Introduction

Vascular anomalies are a heterogenous group of disorders manifesting abnormal development of blood vessels. They are divided into tumours and malformations, and the latter are sub-categorised according to the defective type of vessel.1 Capillary malformation (CM, ‘port-wine stain’), (OMIM 163000) is a common vascular malformation, occurring in 0.3% of neonates.2 CMs are flat cutaneous lesions (Figure 1) that are typically located in the head and neck region, and change in colour from pink-to-purple with age.3 These lesions are usually obvious at birth and grow proportionally with the child.

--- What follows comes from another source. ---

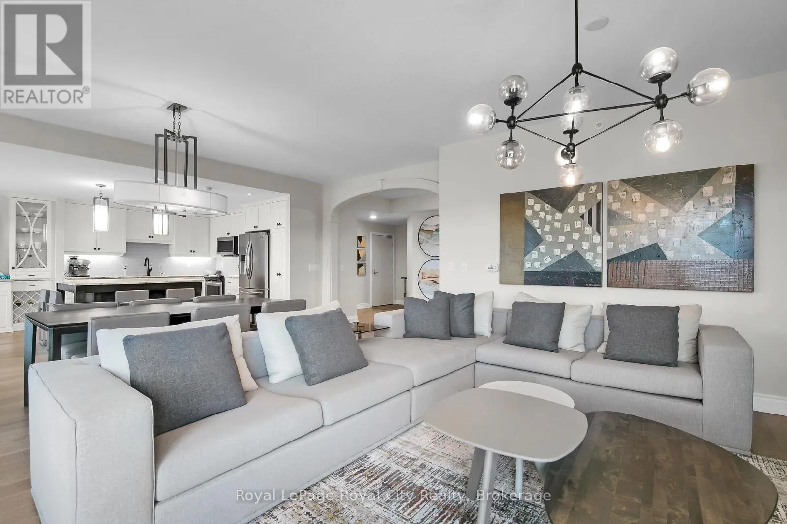 Cross Streets: Arkell & Victoria. ** Directions: Arkell East to Victoria Turn S to Bard. Fully Furnished Premium Condo Apartment For Lease. Experience luxury, space, and convenience in this immaculate top-floor corner suite, offering over 2,150 sq ft of beautifully designed living. Enjoy breathtaking sunrise and countryside views from two private balconies in this spacious 2+1 bedroom, 3-bathroom home. The open-concept layout is flooded with natural light and features a chefs kitchen with granite countertops, high-end stainless steel appliances, and an oversized island perfect for entertaining. The expansive living and dining areas offer a seamless flow, ideal for both everyday living and gatherings. The primary suite is a true retreat with its own private balcony, a massive walk-in closet, and a spa-inspired 5-piece ensuite with a separate glass shower. A generous second bedroom and a bright den or home office (optional third bedroom), 4-piece main bath, 2-piece powder room, and a full laundry room round out the floor plan. This well-maintained, quiet building offers premium amenities, including a fitness room, party room with fireplace and kitchen, inviting lobby with fireplace, dual elevators, and a top-floor communal terrace with BBQs just steps from your door. Gorgeous landscaped gardens surround the property, and you'll enjoy two underground parking spaces and a large storage locker. Located in Guelphs desirable south end, close to shopping, restaurants, Starkey Hill, and the University of Guelph. (id:27476)

Similar macular stains of the face and neck, called ‘salmon patch’, ‘angel's kiss’, or ‘nevus flammeus neonatorum’ occur in up to 40% of newborns,2,4 however, they predictably fade during infancy. In contrast, CMs do not disappear; they darken, and often thicken with age, and cause psychological distress.5

Figure 1
figure 1

Clinical and histological characteristics of capillary malformation (CM). (A and B) CM on face, subject I-2 (family M) and subject III-11 (family C), respectively. Subject III-11 (family C) had also an intramaxillar arteriovenous malformation. (C) CM on hand, subject III-1 (family A). (D) CM on thorax, subject III-4 (family C). (E), retroauricular CM, subject III-1 (family F). (F) hematoxylin eosin staining of CM. Asterisks (*) indicate dilated capillary-like channels within papillary dermis.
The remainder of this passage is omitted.